This idea could be easily formalized - suppose people know the supply curve but are uncertain about the demand curve - then when they observe an increase in quantity they attribute this to a higher demand, and so they infer an increase in value of the good. I think this is similar to the intuition given in Kamenica (2008) - when you observe a higher price/quantity combination, you infer that demand is higher, and so you infer that the value of each marginal good must be higher. I think that a similar foundation is used in Drolet, Simonson, Tversky (2000) “Indifference Curves that Travel with the Choice Set”.
We have discussed diagonal shifts along the budget set, meaning that both attributes are varying at once; if only one attribute varied, it’s not clear what a consumer would infer from this. Of course we could formalize a model where the consumer is uncertain about both supply and demand; or we could combine this model with the prior one, where the consumer is uncertain about the price.
(3) Magnitude effects.
Finally it’s easy to come up with a rational magnitude effect, such that when we observe a higher quantity \(q\) we infer that the marginal value of each unit is less. Suppose we know the price and we know the consumption-value of a good, when measured in units that are familiar to us, but we do not know the units that are used in the packaging. Then if we observe other people consuming a higher quantity, measured in unfamiliar units, we infer that each unit is worth less: when we observe a 10,000 Kronor bank note we infer each Kronor is not worth a lot; when we observe a 10,000 Watt bulb we infer each Watt is not worth much; when we observe 200mg of Oxytocin we infer the marginal effect of a milligram is not too much.
SUMMARY
When we dig into the intuitions behind comparison effects, we often find that they resemble inferences that we would make every day. The laws that have been proposed to explain comparison effects only work because they coincide with one or other of the inferences in certain subsets of cases – e.g. range-sensitivity coincides with MRS-MRT inference, magnitude-sensitivity coincides with unit-value inference. But these overlaps occur only in a subset of cases, and stepping outside that subset we find that the law fails, while the inference remains.
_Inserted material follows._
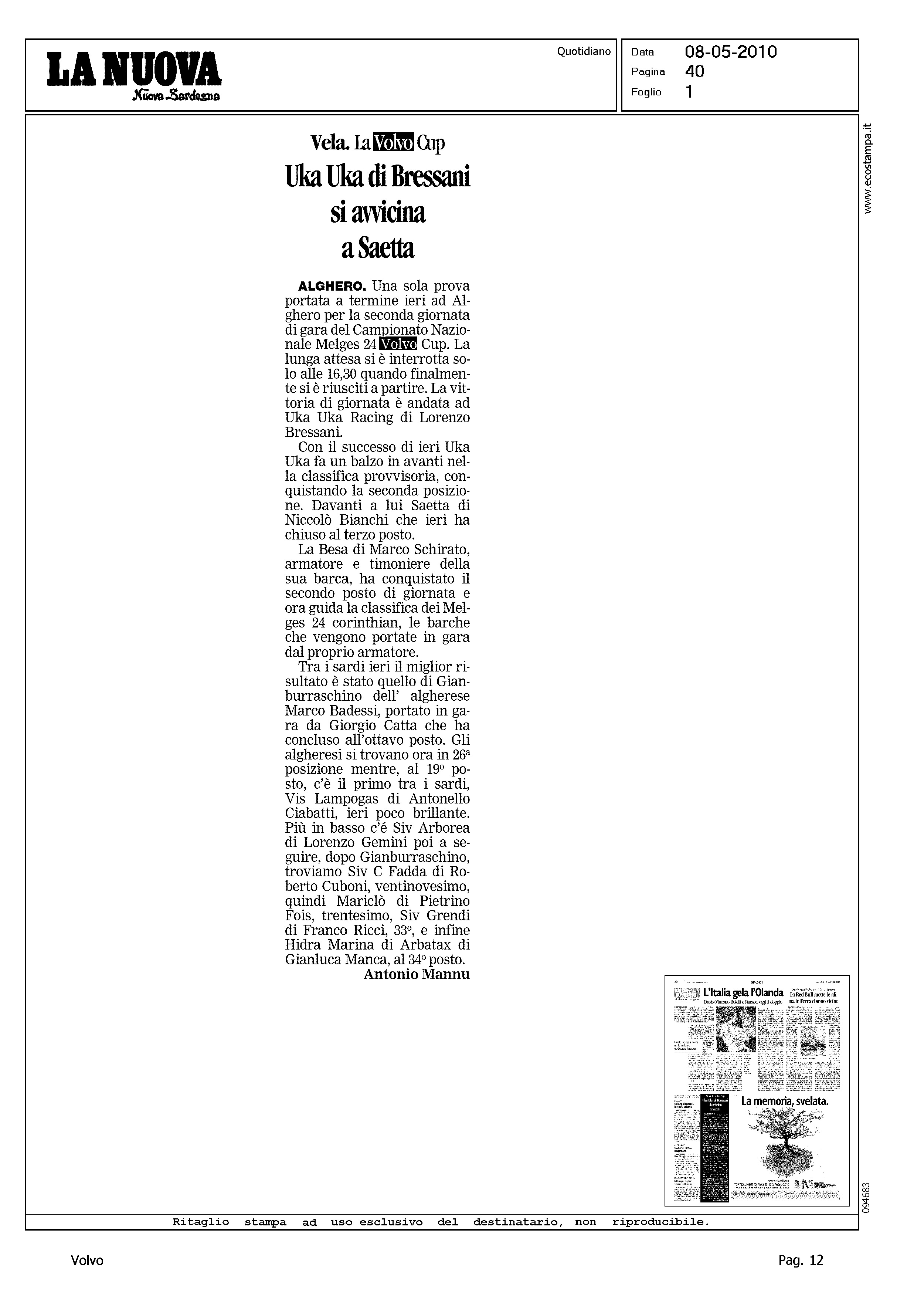Author: MANNU, ANTONIOLine: Corporate Model: Corporate Subject: Volvo Cup Title: VELA. LA VOLVO CUP - UKA UKA DI BRESSANI SI AVVICINA A SAETTAHighlight: REGATA DI ALGHERO

Does this mean that comparison effects are all just rational inferences? What we would like to know is whether comparison effects occur even when inference can be entirely ruled out – e.g. when we run an experiment that explicitly randomizes the choice sets. Some papers do this, but few do it well. I am persuaded that comparisons do affect us on a pre-conscious level, i.e. that our instincts latch onto comparisons without being careful about the significance of the comparison in the particular circumstance, but there’s not a lot of unambiguous evidence on this. I can at least say that most people find the types of example listed above pretty beguiling: they get strong intuitions about relative value, but struggle to explain where the intuitions come from, implying that the inference isn’t entirely conscious.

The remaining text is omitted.